Кроме Валерки и фельдшера Чистякова за эти дни плавания мне удалось поговорить лишь с капитаном подлодки Егором Тимофеевым, но и этот разговор ясности не внес. Я капитану полностью открылся (кто, откуда, как попал), а вот он, как и остальные матросы, явно что-то скрывает и поддерживать беседу не желает. Хотя, если судить по выуженным мною частичкам информации, экипаж прекрасно знаком с датой 9 мая 1945 года, тогда как не должен знать ее в принципе, ведь из сорок второго сюда прибыл. Как все-таки узнали о грядущей Победе? Я им ничего не рассказывал. Тогда кто? Неужели?..
Оставим пока предположения и попытаемся получить факты. Некоторые из них мне известны благодаря блужданиям в Сети. Ну-ка, ну-ка…
«Подводные лодки серии III «Щука». Стали первым типом средних подводных лодок, построенных в Советском Союзе, и самым многочисленным в годы ВОВ. Строительство данных субмарин шести различных серий велось с 1930 по 1945 год. Всего за это время было построено 86 единиц. Отличительные особенности «Щук» – сравнительная дешевизна в производстве, повышенная живучесть и маневренность.

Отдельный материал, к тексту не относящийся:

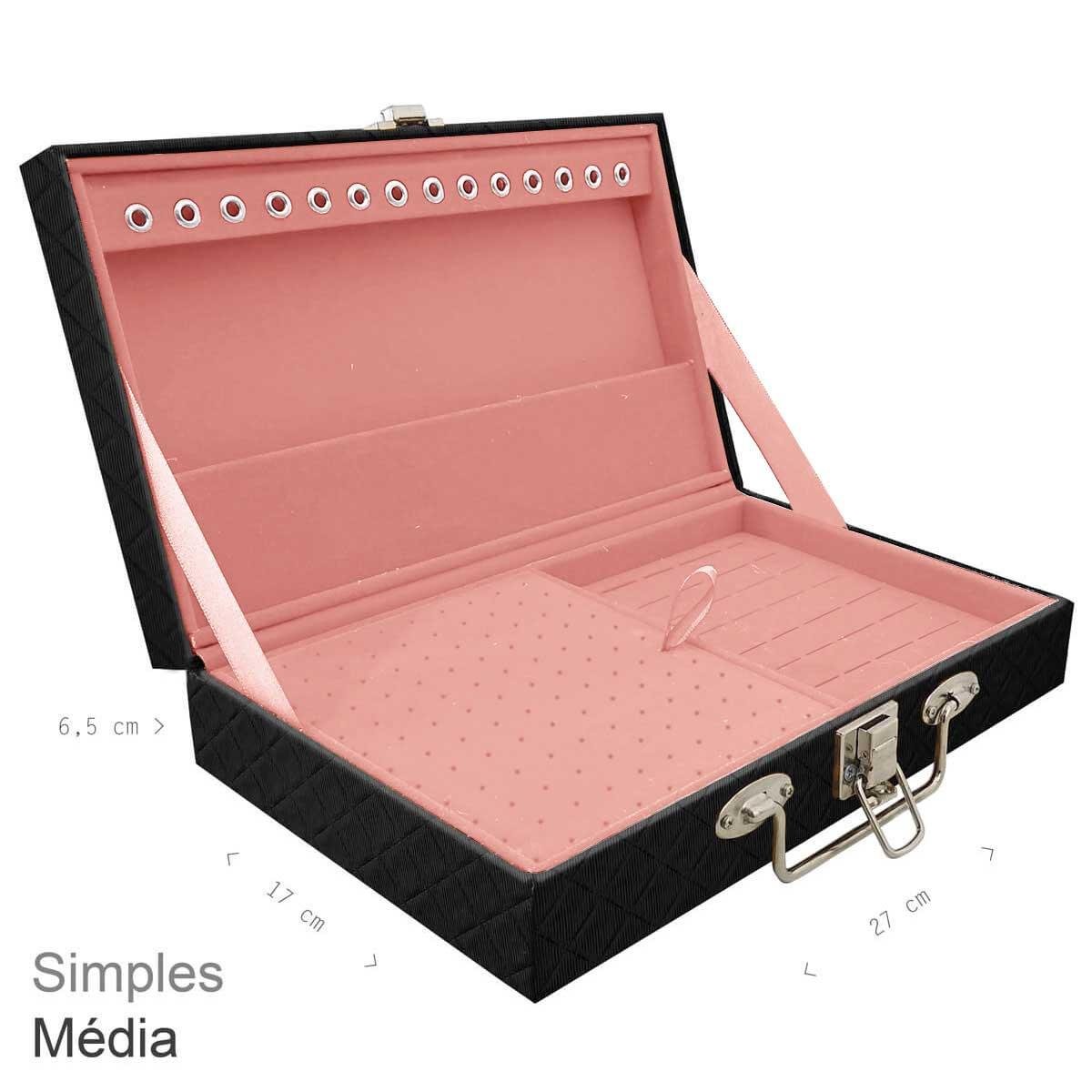 Estojo Maleta Porta Jóias Simples Média Dijon Preto Estojo Maleta Porta Jóias simples média organizadora de jóias, confeccionada em material MDF (não em papelão) com revestimento externo em couro sintético e interno com tecido aveludado de 1ª linha, fazendo seu produto ter maior durabilidade valorizando e protegendo suas peças com estilo. Contém: - Espuma em corte H com suporte para aproximadamente 32 anéis; - Placa organizadora para aproximadamente 60 pares de brincos; - Aproximadamente 14 suportes para pulseiras ou correntes; - 9 quadriculados (medidas aproximadas 5cm x 4cm ) para demais jóias; - Alça fina cromada; - Fecho cromado. Medidas Aproximadas: Altura: 7cm Largura: 17cm Comprimento: 27cm Peso: 850g:

За годы войны «Щуки» потопили 45 и повредили 8 боевых кораблей и коммерческих судов противника. При этом наши боевые потери были достаточно высоки: из 44 воевавших подводных лодок погибло 31. За боевые заслуги 6 подводных лодок стали гвардейскими. Еще 11 субмарин награждены орденом Красного Знамени.
Тактико-технические характеристики.
Водоизмещение: надводное – 584 тонны, подводное – 707,8 тонны.
Габаритные размеры: длина – 58,8 метра, ширина – 6,2, осадка – 4.
Скорость хода: надводная – 14,3 узла, подводная – 8,1–8,3.
Дальность плавания (с нормальным запасом топлива) – до 2580 миль (надводный ход), до 105 миль (подводный ход)…»
Полезные сведения, но, увы, немного не те, что мне необходимы в данный момент времени. Нужная информация пока недоступна, как я ни стараюсь ее добыть.
«– Могу я хотя бы узнать, куда мы направляемся?
– Вы все узнаете, когда доберемся до места, товарищ Крынников…»
На этой дежурной ноте всякие расспросы закончились. И вот теперь я снова ощущаю себя словно пленник какой-то, хотя меня и не держат взаперти. Пять дней назад начал потихоньку «ковылять» по отсекам (ярь помогает), знакомиться с устройством подлодки, но вот матросы и капитан стоически отмалчиваются и поддерживать беседу не желают. На Валерку надежды тоже мало. Стоит мне незаметно подвести его к нужному направлению, как он резко обрывает разговор и со словами: «Пора мне, дядь Миш» уходит, оставляя меня с одиночеством и неизвестностью. Все же не стоит тревожить парня. И так горя хватил, став сиротой. Отец – моряк, командир тральщика, пропал без вести с кораблем в самом начале войны. Мать работала медсестрой на госпитальном судне, всюду возя с собой сына. В августе сорок первого судно потопили фашисты, мать, скорее всего, погибла, а уцелевшего Валерку подобрали подводники. С тех пор остался с ними, став рулевым-сигнальщиком. И службы не боится, несмотря на то что кругом идет война и для любой подлодки опасность таится повсюду. Вот про войну Валерка рассказывал очень даже охотно:
«– Бывало, потопим фашиста, но и нам достанется. Часа три-четыре потом за нами их катера охранения гоняются и бомбят. Оторвешься иной раз только под вечер; уходишь к самому берегу, ложишься на грунт, ждешь, когда враги уберутся, а после новый приказ: например, прикрывать переход кораблей транспорта. Мы тогда с места срываемся и идем на новую позицию. Утюжим порой прямо по минным полям, боясь зацепить бортом минрепы[55]. И не всплыть! Над морем фашистские самолеты: то «юнкерсы», то «мессеры». Все же всплываешь, чтобы отсеки провентилировать, а эти гитлерюги тут как тут. Коршунами кружат и по нам палят. Что делать? Камнем летим в глубину по срочному погружению. Дальше еще приказ: в Кронштадт возвращаться. Возвращаемся, на перископной глубине идем. Не идем, крадемся – кругом мин, сетей и катеров, что огурцов в банке.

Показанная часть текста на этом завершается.